= Pinto Mi Raya =

Conceptual art project

Pinto Mi Raya is a conceptual art project by Monica Mayer and Victor Lerma.

==History==
In 1989, Lerma and Mayer created the ongoing conceptual art project, Pinto Mi Raya, whose main function is as an archive that specializes in collecting and cataloging newspaper articles on contemporary art in Mexico. The project's objective is to stimulate the art system in Mexico through various activities, workshops, and performance interventions involving other practitioners such as El Balcón del CENIDIAP, De Crítico, artista y loco..., and El Mejor Amigo de Los Museos. Pinto mi Raya has also hosted radio programs such as “Pinto mi Raya: Donde las Artes Visuales Suenan” (ABCradio, 1999–2000) and has actively participated in various activist actions as part of the artistic community.

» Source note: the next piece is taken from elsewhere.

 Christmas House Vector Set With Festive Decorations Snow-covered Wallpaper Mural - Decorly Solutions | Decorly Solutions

The original home of Pinto Mi Raya, including its mini-gallery, was Somberete #55 in the Colonia Condesa neighborhood of Mexico City.

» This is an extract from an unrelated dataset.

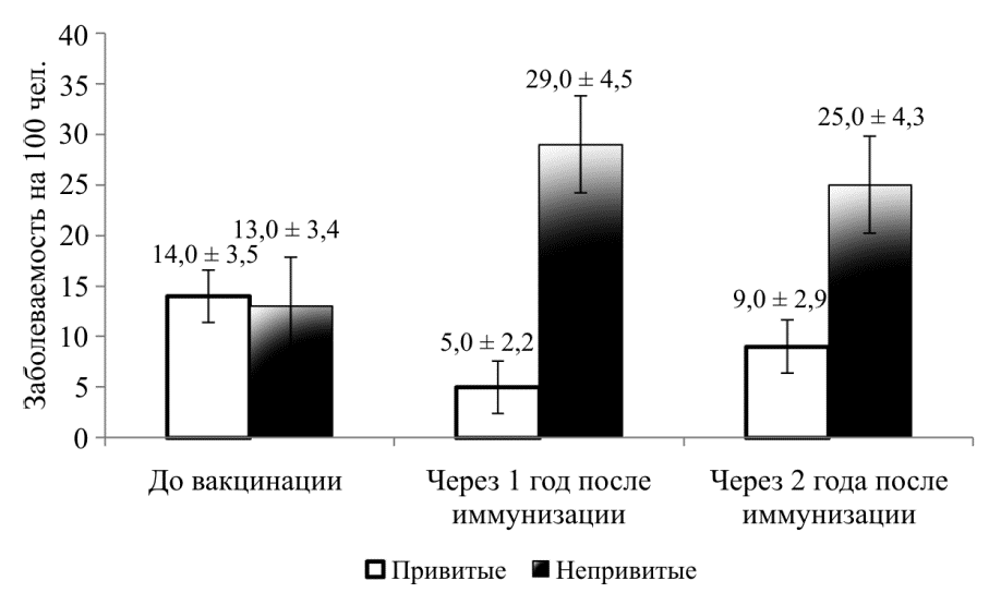Рис. 2. Профилактическая эффективность пневмококковой вакцины при иммунизации ВИЧ-инфицированных пациентов через 1 и 2 года после вакцинации в сравнении с довакцинальными показателями (на 100 ± m)

In the 1998, publication 'Pinto mi Raya—A Brief Story of Almost 10 Years of Applied Conceptual Art Projects', Lerma and Mayer write: "This experience allowed us to detect some of the most serious problems in our art system, and little by little we started turning into a platform from which we could launch applied conceptual art projects to try to find solutions for them. In other words, we seek to lubricate the art system so it runs more smoothly. We also decided to become nomads."

==Publications==
- Mayer, Mónica, Víctor Lerma, and Alfredo Ramírez. Arte público en el archivo de Pinto Mi Raya. México: Pinto Mi Raya, 2002.
- Mayer, Mónica, Víctor Lerma, Alethia Edurné González Cañetas, and Alejandra Sánchez Avilés. Mujeres artistas en el Archivo de Pinto Mi Raya, colectivas y textos varios. México: Pinto Mi Raya, 2003.
- Mayer, Mónica, Víctor Lerma, Alethia Edurné González Cañetas, and Alejandra Sánchez Avilés. Ojos y vidrio: las fotógrafas en el archivo de Pinto Mi Raya. México: Pinto Mi Raya, 2003.
- Mayer, Mónica, Víctor Lerma, and Miriam Urbano Alonso. Performance en el archivo de Pinto Mi Raya: versión actualizada de Mayo de 1991 a Mayo de 2005). [México]: Pinto Mi Raya, 2005.